After an evening at the Gaslight trailer park, we closed the distance to El Paso, and had a whirlwind day of schools with one truck stop thrown into the mix.
We had an impromptu clean up session at 8 in the morning and almost got ourselves stuck with a 10 minute setup time. The first show of the day can sometimes feel rough, but after we rubbed all of the sleep out of our eyes using the leaf blower, we were fine. One notable event did occur however, during the series of demonstrations based on principles of gravity and energy transfer, we shot our little raquet ball so far into the air that it landed in the gully next to the parking lot. I should also mention we were outside for the Bridges school.
After retrieving the lost rubber object, we pulled out and made our way into the center of El Paso for bus parts, and our second show of the day. On our way to Paul Moreno, we picked up an entire box full of filters for the vegetable oil system. Very exciting!! Now we won't have a repeat of our trials on the road to Las Cruces. Once we arrived at the school, we ate a hurried cafeteria lunch while talking with the vice principal. She told us we should be ready to perform for approximately 100 students, and my jaw dropped. It was a big crowd to face down on the second day, but they seemed to keep better attention than smaller audiences I have seen in the past. Really, I was just happy watching Shane conduct an orchestra of boom-wackers while standing in a sea of kids (boom-wacker is a hollow plastic tube of variable length).

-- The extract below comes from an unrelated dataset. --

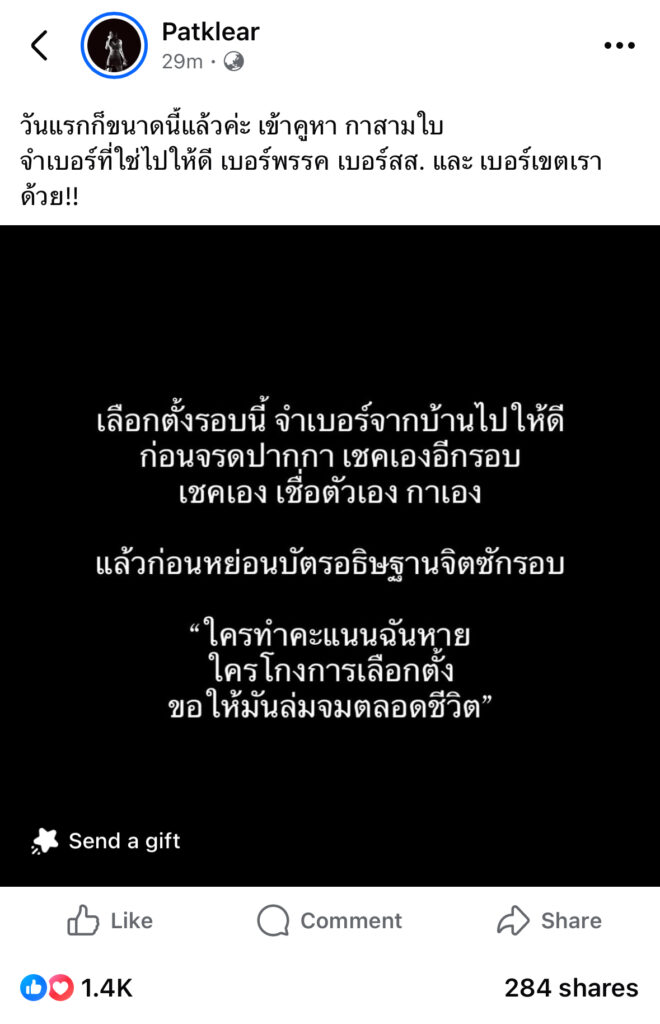 วันแรกก็ขนาดนี้แล้ว! แพท วง KLEAR แนะ อธิษฐานก่อนหย่อนบัตรเลือกตั้ง

We then took the cramped downtown residential streets to the El Paso Boys and Girls club to round out the schedule for the day. On a side note, this particular clubhouse had been in operation for roughly twice the amount of time I have been alive: there is serious history in those walls. Unfortunately, all that history is bad for acoustics. The gym in which we performed echoed so much that your previous sentence destructively interfered with the one being made. I left with the impression that for some people in the crowd, our show was like a television in a room with its volume down.
The next stop is San Angelo, and another packed day goes by.
The stretch between El Paso and San Angelo features a tremendous fatality rate increase due to a recent oil boom in the latter city, so we found another route.
About 7 minutes after giving away our broken microwave, we watched as a boy from our last show went past the bus dragging the machine by its cord tied to the back of his bike. His name? Noey.